**YOUR ASSIGNMENT**
This calls for a verbatim copy of all the data, with no images carried over.

**EXERCISE DATA**
· · · ·

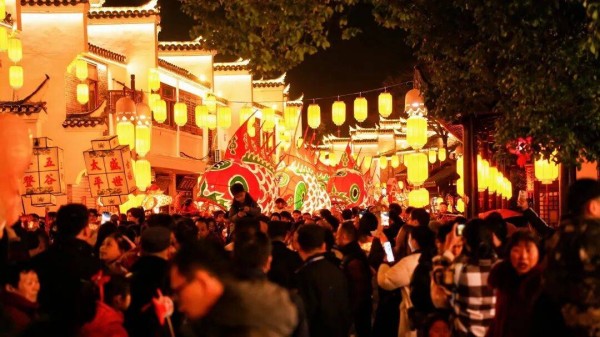 每天两场的沉浸式巡游成为最热闹的风景:在“鱼灯仙子”引领下,8米长的巨型鱼灯需要数人合力舞动,游客们手持小鱼灯紧随其后,穿行在青石板路上,再现“一夜鱼龙舞”的古街盛景。药发木偶、中幡杂技等非遗项目轮番亮相,民乐快闪的悠扬旋律萦绕古巷,三河米饺的香气与年味交织升腾。大年初一当日,古镇入园人数便超6.5万人次,省外游客占比显著提升。
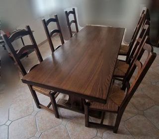 Cause déménagement, vends ensemble table, chaises et buffet de salle à manger en très bon état Fabrication tous piétements en orme massif Buffet : 4 portes et 2 tiroirs, 1 étagèr
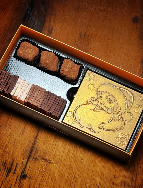 Haben Sie Ihr Sprüchli schon bereit? Denn der Samichlaus hat bei uns Einzug gehalten. Statt dem klassischen Samichlaussäckli gibt es bei uns auch eine Geschenkbox mit Milch-Tafelschokolade (mit Nougat und Mandarine), drei Goldstücken und einer Auswahl assortierter Schoggiplättli.

· · · ·

**ANSWER TO THIS PROBLEM**
 每天两场的沉浸式巡游成为最热闹的风景:在“鱼灯仙子”引领下,8米长的巨型鱼灯需要数人合力舞动,游客们手持小鱼灯紧随其后,穿行在青石板路上,再现“一夜鱼龙舞”的古街盛景。药发木偶、中幡杂技等非遗项目轮番亮相,民乐快闪的悠扬旋律萦绕古巷,三河米饺的香气与年味交织升腾。大年初一当日,古镇入园人数便超6.5万人次,省外游客占比显著提升。
 Cause déménagement, vends ensemble table, chaises et buffet de salle à manger en très bon état Fabrication tous piétements en orme massif Buffet : 4 portes et 2 tiroirs, 1 étagèr
 Haben Sie Ihr Sprüchli schon bereit? Denn der Samichlaus hat bei uns Einzug gehalten. Statt dem klassischen Samichlaussäckli gibt es bei uns auch eine Geschenkbox mit Milch-Tafelschokolade (mit Nougat und Mandarine), drei Goldstücken und einer Auswahl assortierter Schoggiplättli.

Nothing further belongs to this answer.